I am a big fan of Java's MappedByteBuffers for situations like this. It is blazing fast. Below is a snippet I put together for you that maps a buffer to the file, seeks to the middle, and then searches backwards to a newline character. This should be enough to get you going?

I have similar code (seek, read, repeat until done) in my own application, benchmarked java.io streams against MappedByteBuffer in a production environment and posted the results on my blog (Geekomatic posts tagged 'java.nio' ) with raw data, graphs and all.

Two second summary? My MappedByteBuffer-based implementation was about 275% faster. YMMV.

To work for files larger than ~2GB, which is a problem because of the cast and .position(int pos), I've crafted paging algorithm backed by an array of MappedByteBuffers. You'll need to be working on a 64-bit system for this to work with files larger than 2-4GB because MBB's use the OS's virtual memory system to work their magic.

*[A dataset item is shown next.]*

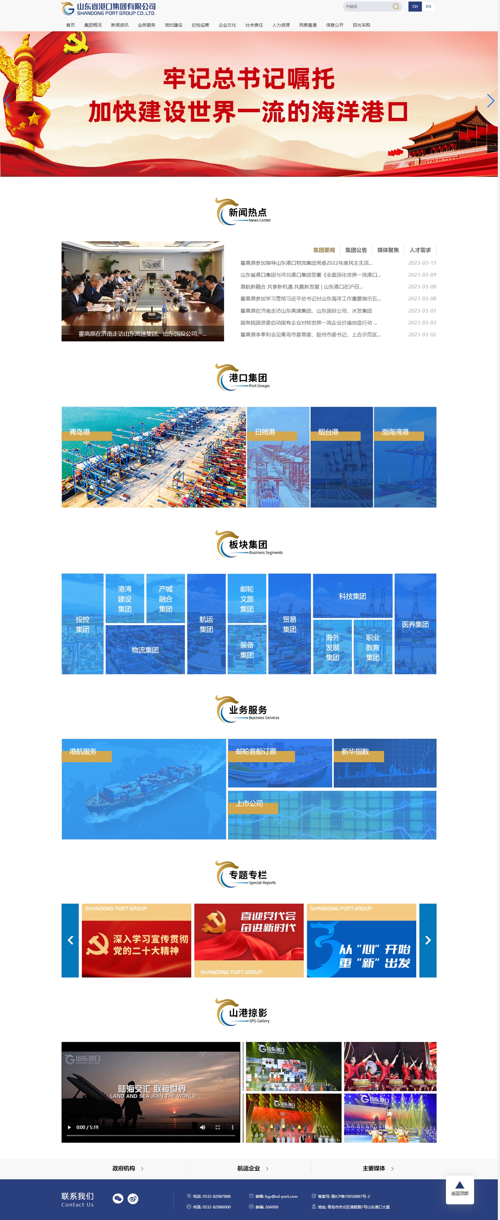 山东省港口集团有限公司是省属国有重要骨干企业,成立于2019年8月6日,总部位于山东青岛。拥有青岛港集团、日照港集团、烟台港集团、渤海湾港集团四大港口集团,青岛港(601298.SH,06198.HK)、日照港(600017.SH)、日照港裕廊(6117.HK)三家上市公司,投控、港湾建设、产城融合、物流、航运、邮轮文旅、装备、贸易、科技、海外发展、职教、医养等十二个板块集团。目前,形成了“以青岛港为龙头,日照港、烟台港为两翼,渤海湾港为延展,各板块集团为支撑,众多内陆港为依托”的一体化协同发展格局,共有21个主要港区、360余个生产性泊位、320余条集装箱航线。

public class StusMagicLargeFileReader  {
    private static final long PAGE_SIZE = Integer.MAX_VALUE;
    private List<MappedByteBuffer> buffers = new ArrayList<MappedByteBuffer>();
    private final byte raw[] = new byte[1];

    public static void main(String[] args) throws IOException {
        File file = new File("/Users/stu/test.txt");
        FileChannel fc = (new FileInputStream(file)).getChannel(); 
        StusMagicLargeFileReader buffer = new StusMagicLargeFileReader(fc);
        long position = file.length() / 2;
        String candidate = buffer.getString(position--);
        while (position >=0 && !candidate.equals('\n')) 
            candidate = buffer.getString(position--);
        //have newline position or start of file...do other stuff    
    }
    StusMagicLargeFileReader(FileChannel channel) throws IOException {
        long start = 0, length = 0;
        for (long index = 0; start + length < channel.size(); index++) {
            if ((channel.size() / PAGE_SIZE) == index)
                length = (channel.size() - index *  PAGE_SIZE) ;
            else
                length = PAGE_SIZE;
            start = index * PAGE_SIZE;
            buffers.add(index, channel.map(READ_ONLY, start, length));
        }    
    }
    public String getString(long bytePosition) {
        int page  = (int) (bytePosition / PAGE_SIZE);
        int index = (int) (bytePosition % PAGE_SIZE);
        raw[0] = buffers.get(page).get(index);
        return new String(raw);
    }
}